**WHAT IS REQUIRED:** Having located "Sulfo-IR820 Maleimide和IR820在甲醇中的熒光光譜 |", write out its line and the remaining lines of the material exactly, the last one included, but not the pictures.

**SOURCE DATA:**
————

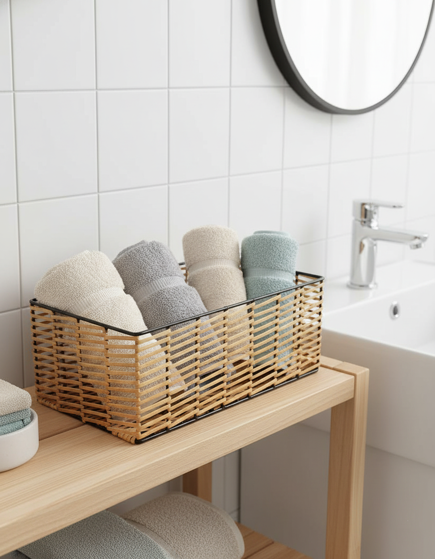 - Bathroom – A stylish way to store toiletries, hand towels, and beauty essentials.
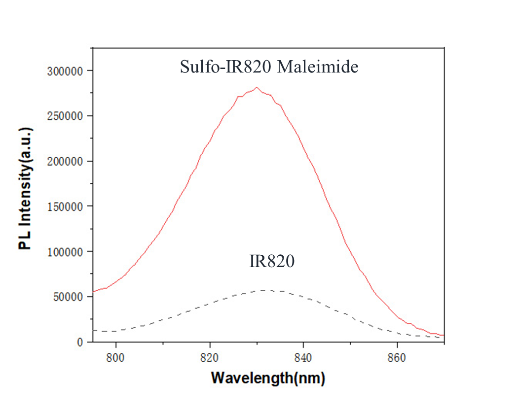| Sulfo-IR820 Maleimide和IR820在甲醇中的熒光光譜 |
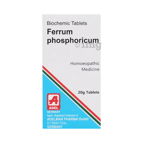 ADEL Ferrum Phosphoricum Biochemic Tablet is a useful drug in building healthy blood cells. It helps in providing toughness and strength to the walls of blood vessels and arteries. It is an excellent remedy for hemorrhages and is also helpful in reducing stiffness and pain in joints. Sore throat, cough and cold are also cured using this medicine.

————

**SOLUTION FOR THIS EXERCISE:**
| Sulfo-IR820 Maleimide和IR820在甲醇中的熒光光譜 |
 ADEL Ferrum Phosphoricum Biochemic Tablet is a useful drug in building healthy blood cells. It helps in providing toughness and strength to the walls of blood vessels and arteries. It is an excellent remedy for hemorrhages and is also helpful in reducing stiffness and pain in joints. Sore throat, cough and cold are also cured using this medicine.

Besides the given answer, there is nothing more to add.